Whiskey bottles stopped in mid-air, fists halted in mid-punch as a motel parking lot full of wasted cowboys and bikers froze in a rictus, wondering what the hell it was they just heard. Heads turned to look at us as my mortified parents shoved me and the suitcases into the backseat and we took off down the road as fast as our Ford Maverick could take us.
Or the time we were driving through Washington a few months after Mount St. Helens erupted in 1980, which was easily one of the most fascinating events of my childhood. It got me stuck in a nerdy life-long geology kick that I'll probably never get over—to this day I collect small rocks from every place we visit, dutifully hauling them from place to place every time we move. Fortunately, Kirbi does the exact same thing, except she likes collecting big, hernia-inducing chunks of granite or basalt instead of the little samples I like to take. So, yeah, we're pretty much perfect for each other.
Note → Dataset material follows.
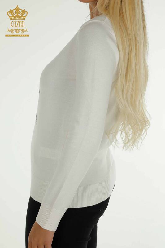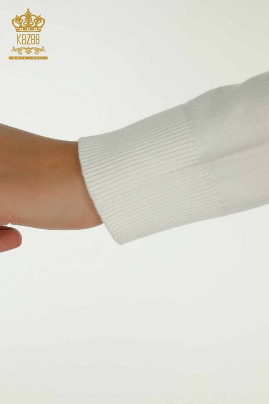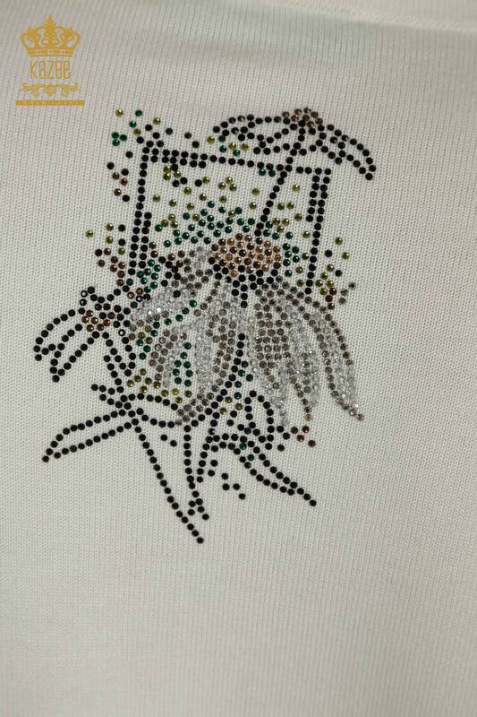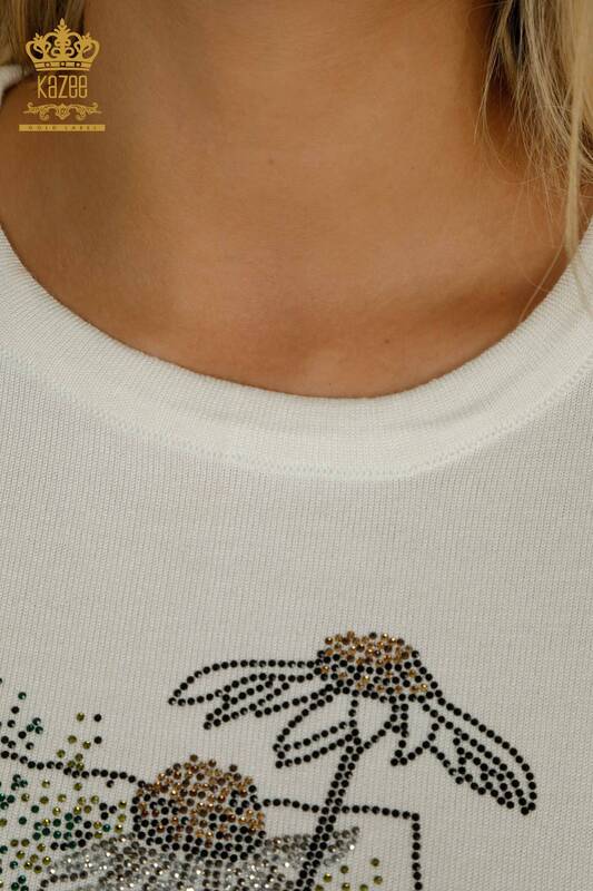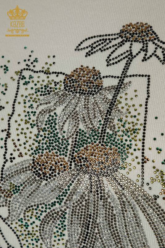 Оптовая продажа женского трикотажа Свитер с цветочной вышивкой, вышитый камнем, экрю - 30612 | КАЗИ

And I still want to be a volcanologist when I grow up.
But we were driving across the plains of eastern Washington on our way to visit my great-uncle Hughie in Seattle when we stopped in some little town for gas. Volcanic ash covered the land like snow. Great piles of the stuff were shoveled up along the edges of parking lots and roads. It was in the car, on our clothes, in our lungs…
Yet, when we went inside the gas station, they were selling little plastic globes filled with "Authentic Mount St. Helens Volcanic Ash" for $10 a pop, and—apparently suffering a sudden bout of amnesia regarding of our immediate surroundings— I pretty much lost my shit when my parents refused to get one for me. Yes, I have matured a bit since then.
But I loved every ashy second of that road trip.
Denouement
We plan on getting our son used to the road as soon as his development will allow. Quick day trips at first—up to Taos or maybe down to White Sands. We might even get adventurous this fall and head up to Colorado for a weekend to see the aspens turn. It'll be a while before we try out camping with a young child, but I'm sure that'll be part of the mix at some point in the not-too-distant future.
A pre-pregnancy Kirbi Vaughn taking a stroll across White Sands National Monument. (Photo by Jason M. Vaughn)
Before too long, we'll be going on some really long adventures. We'll also be staying at our fair share of terrible motels along the way, buying up souvenirs like jackalope shot glasses and Grand Canyon Viewmaster slides and visiting weird towns like Baker, Scottsbluff and Medicine Lodge, looking intently for license plates from Hawaii and Chihuahua as we search for a parking spot at Mount Rushmore or Yosemite Falls.
I'll probably (begrudgingly) cave in and take a dog with us at some point, too. But I'll still draw the line at in-car televisions.
Mostly, though, we'll be on the road. I really hope our son wouldn't have it any other way.